Isometric Deadlifts
This article will layout one of my favorite deadlift variations for breaking past a plateau.
The isometric deadlift is not a a beginner movement. It’s application will be used to break past a “sticking” point in your maximal effort Deadlift.
Pin Height if this is your first time attempting the isometric deadlift— please keep your pins right at knee height. The bar should be in its isometric position below knee height. As you become more comfortable with this movement, please adjust the pins to the point in which your maximal effort deadlifts breakdown
The Movement when first attempting the isometric deadlift into racks- you must focus on how much force you can generate (with proper form) into the pins. The key is to pull has hard as you can for 2-3 seconds then reset. This can be done with conventional and sumo stance. Take a moment before starting your second rep, then accelerate and keep accelerating as you pull into those pins again.

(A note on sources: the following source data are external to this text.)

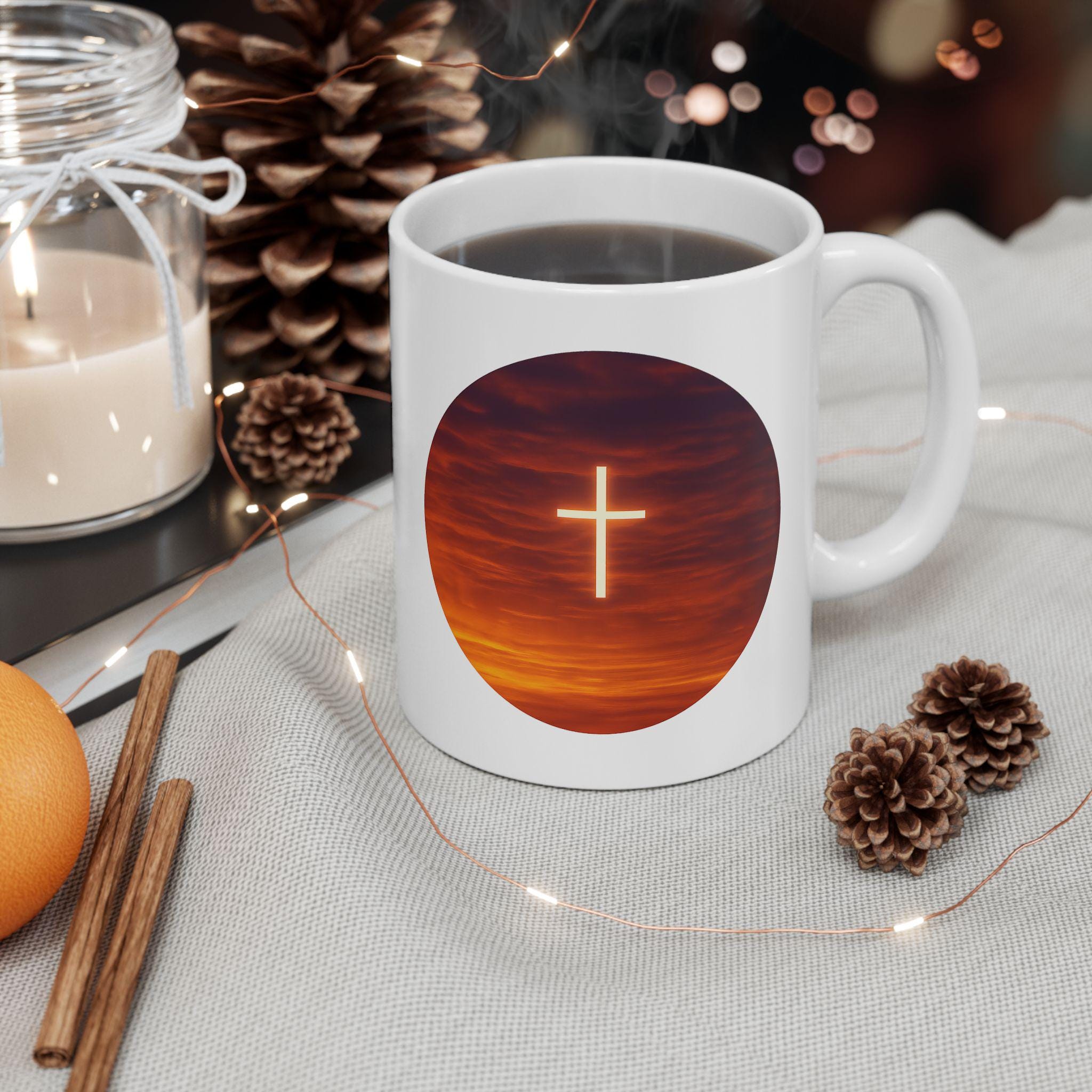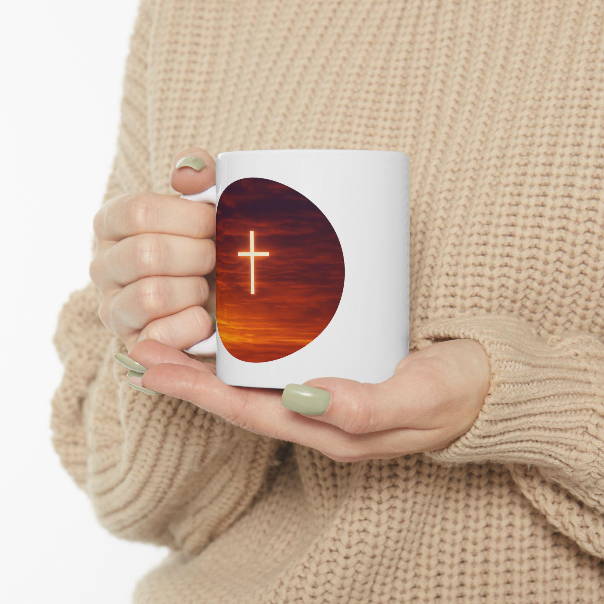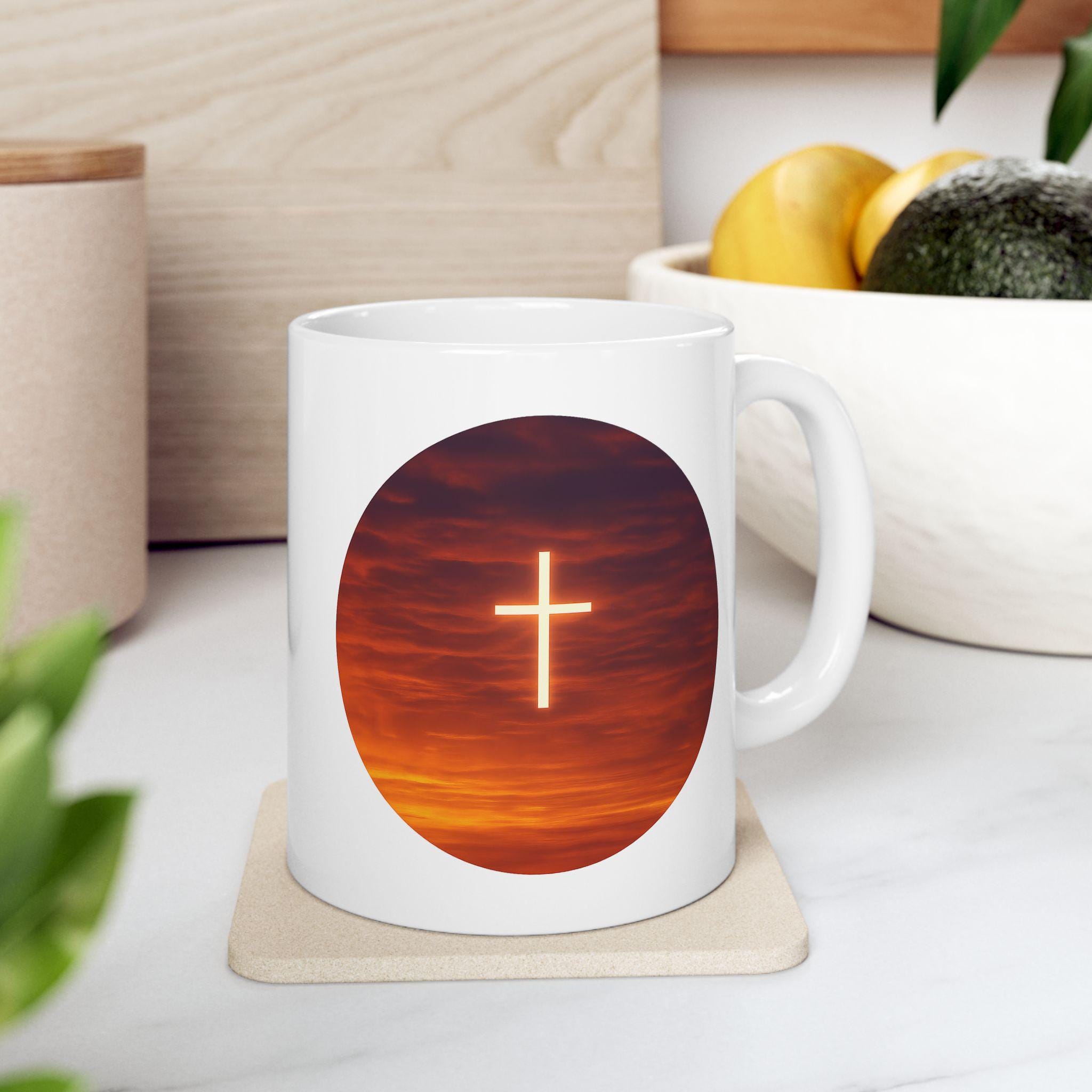 Enjoy your morning coffee or tea with this Christian Sunrise Ceramic Mug featuring a white cross on a sunrise background. This beautiful tea cup makes a religious gift for anyone looking for a peaceful start to their day. Perfect for believers looking to add a touch of faith to their daily routine or as a thoughtful present for holidays like Easter or Christmas.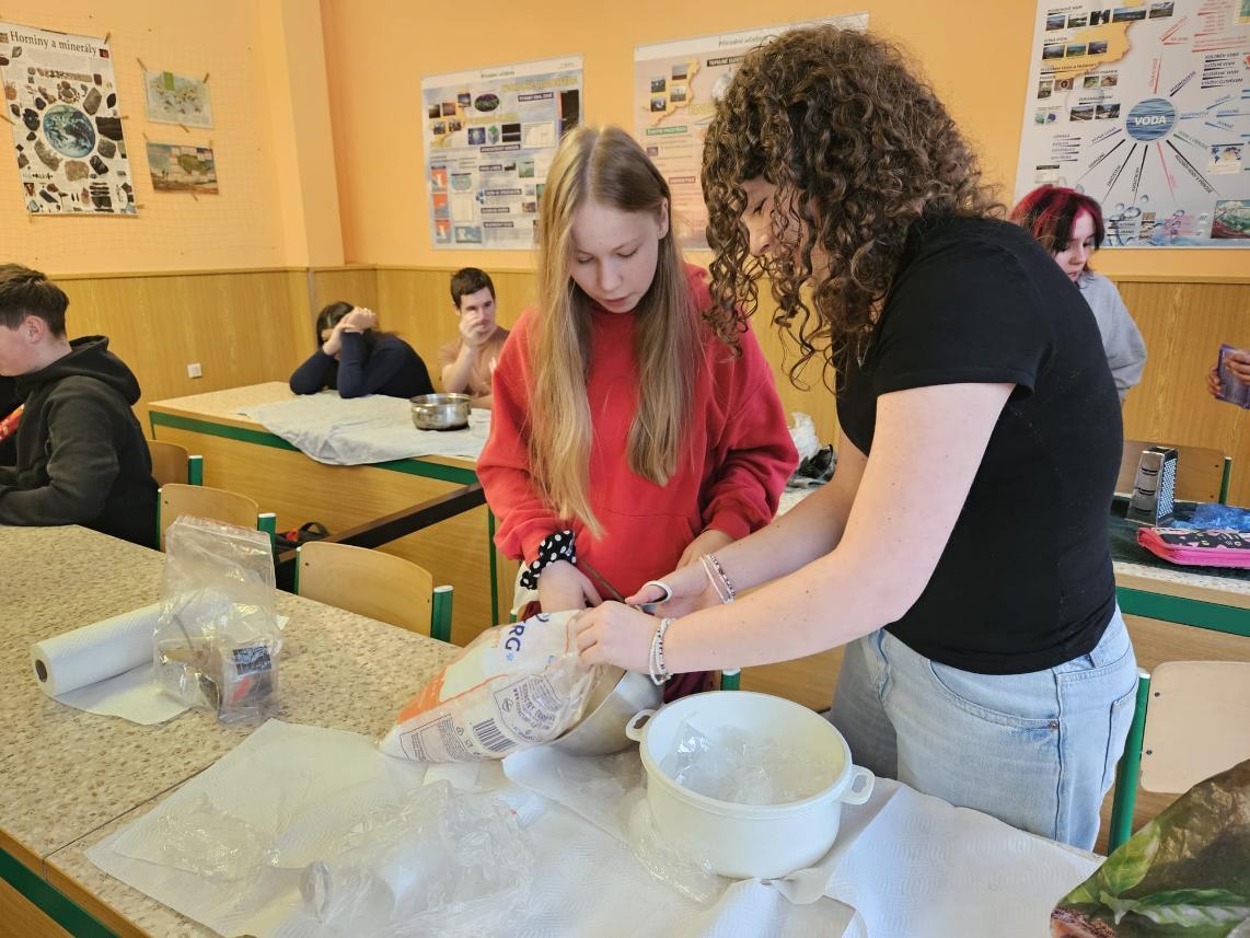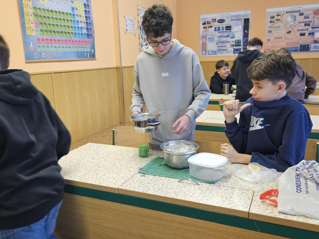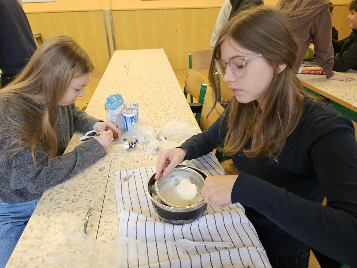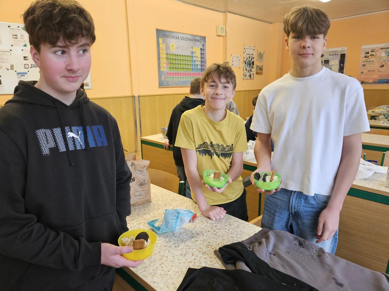 V rámci výuky o tepelných přeměnách si osmáci udělali vlastní zmrzlinu.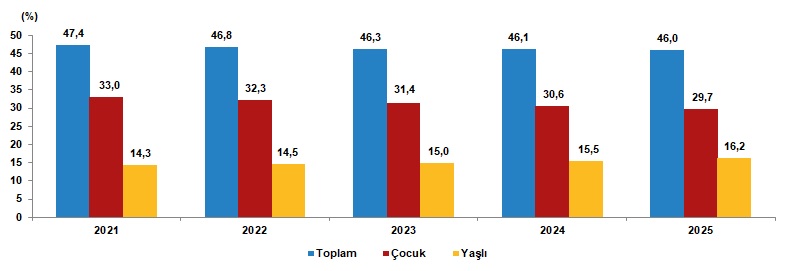 Çalışma çağındaki birey başına düşen çocuk ve yaşlı birey sayısını gösteren toplam yaş bağımlılık oranı, 2024 yılında %46,1 iken 2025 yılında %46’ya düştü. Çalışma çağındaki birey başına düşen çocuk sayısını ifade eden çocuk bağımlılık oranı, %30,6’dan, %29,7’ye gerilerken, çalışma çağındaki birey başına düşen yaşlı birey sayısını ölçen yaşlı bağımlılık oranı ise %15,5’ten %16,2’ye yükseldi. Diğer bir ifadeyle, Türkiye’de 2025 yılında, çalışma çağındaki her 100 kişi, 29,7 çocuğa ve 16,2 yaşlıya bakmaktadır.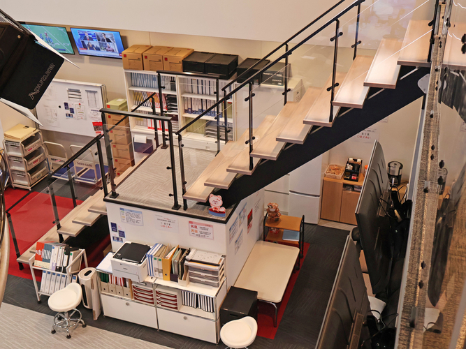 今回、報道局フロアのセットには、ブラックの桁、ホワイトの金具、グレー系の踏板という配色が採用されました。一般住宅では珍しい組み合わせですが、近代的な印象のフロアデザインと調和し、スタイリッシュでモダンな雰囲気を演出しています。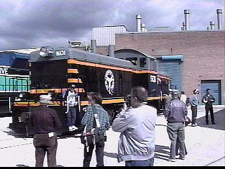 On display were Long Island Railroad DE30 #401, EMD SD90MAC demonstrator #8204, and CSX SD70MAC #701. Other historical locomotives present included Atlantic Coast Line E3 #501, Bangor & Aroostook BL2 #52, Chicago & North Western GP7 #1518, Belt Railway of Chicago TR-2 cow - calf #501 - 510, and Burlington E5 #9911A, and its "Nebraska Zephyr" trainset. |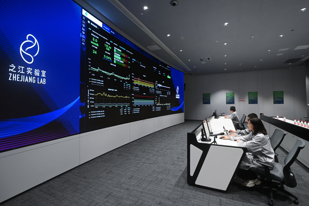 之江實驗室計算與數據中心的工程師通過“之江云”系統監測服務器集群的運行狀態(2022年6月23日攝)。新華社記者 黃宗治 攝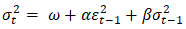 where:𝜔 > 0 is the long-term variance constant,𝛼 ≥ 0 measures the short-run persistence of shocks (ARCH effect), and𝛽 ≥ 0 captures the long-run persistence or the contribution of past volatility (GARCH effect).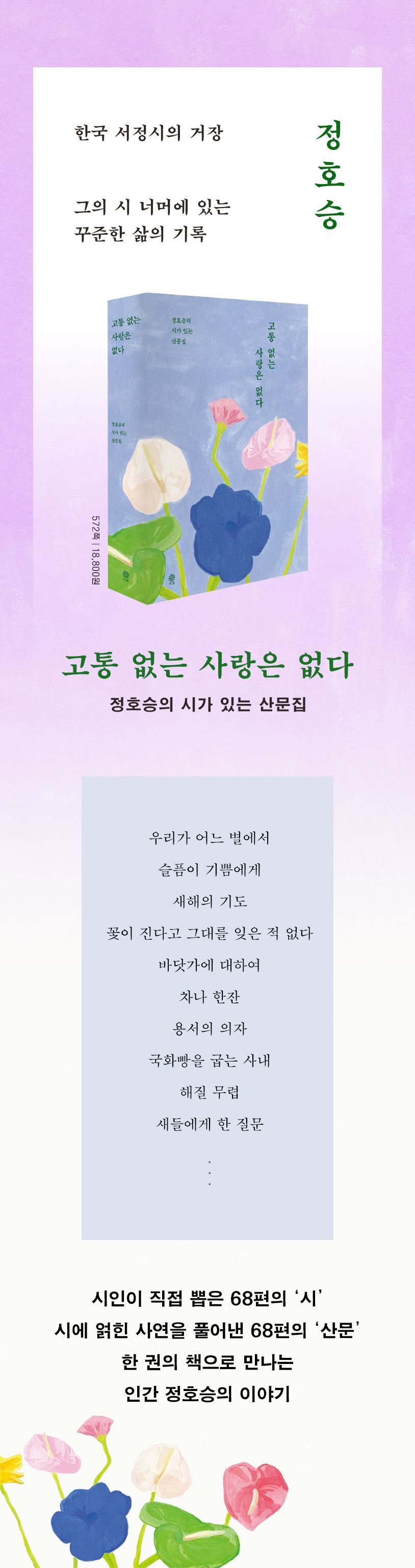 등단 50년을 넘긴 한국 서정시의 거장, 전 세대에 사랑받는 우리 시대 시인 정호승. 그는 어떤 사연이 있어서 그처럼 아름다운 시를 쓸까? 명화의 물감을 걷어내면 거친 스케치가 드러나듯 정호승의 시에도 인간적 삶이 배경으로 깃들어 있다. 《고통 없는 사랑은 없다》는 정호승 시인이 직접 가려 뽑은 시 68편, 그 시에 얽힌 이야기를 풀어낸 산문 68편을 한데 묶은 ‘시가 있는 산문집’이다. 〈우리가 어느 별에서〉 〈슬픔이 기쁨에게〉 〈꽃이 진다고 그대를 잊은 적 없다〉 등 시인의 대표 시가 다수 수록되었으며, 시를 창작할 당시의 사연을 풀어낸 산문들이 짝지어 펼쳐진다. 어린 시절 모습부터 군 복무 시절, 특히 아끼고 사랑하는 사람들, 그리운 부모님의 모습 등 시인이 소중히 간직해온 20여 컷 사진이 함께 실렸다.

How To Program this movement should be considered dynamic effort. I would not suggest going over 75% of your 1 rep max for this movement. The goal is to use moderate weights with perfect form and limited rest intervals. I would start with a 3 week wave of isometric deadlifts:
week 1- 40% of 1 rep max. 5 sets x 3 reps with a 3 second isometric on EACH rep.
week 2- 50% of 1 rep max. 5 sets x 2 reps with a 2 second isometric on EACH rep.
week 3- 60% of 1 rep max. 5 sets x 2 reps with a 1 second isometric on EACH rep.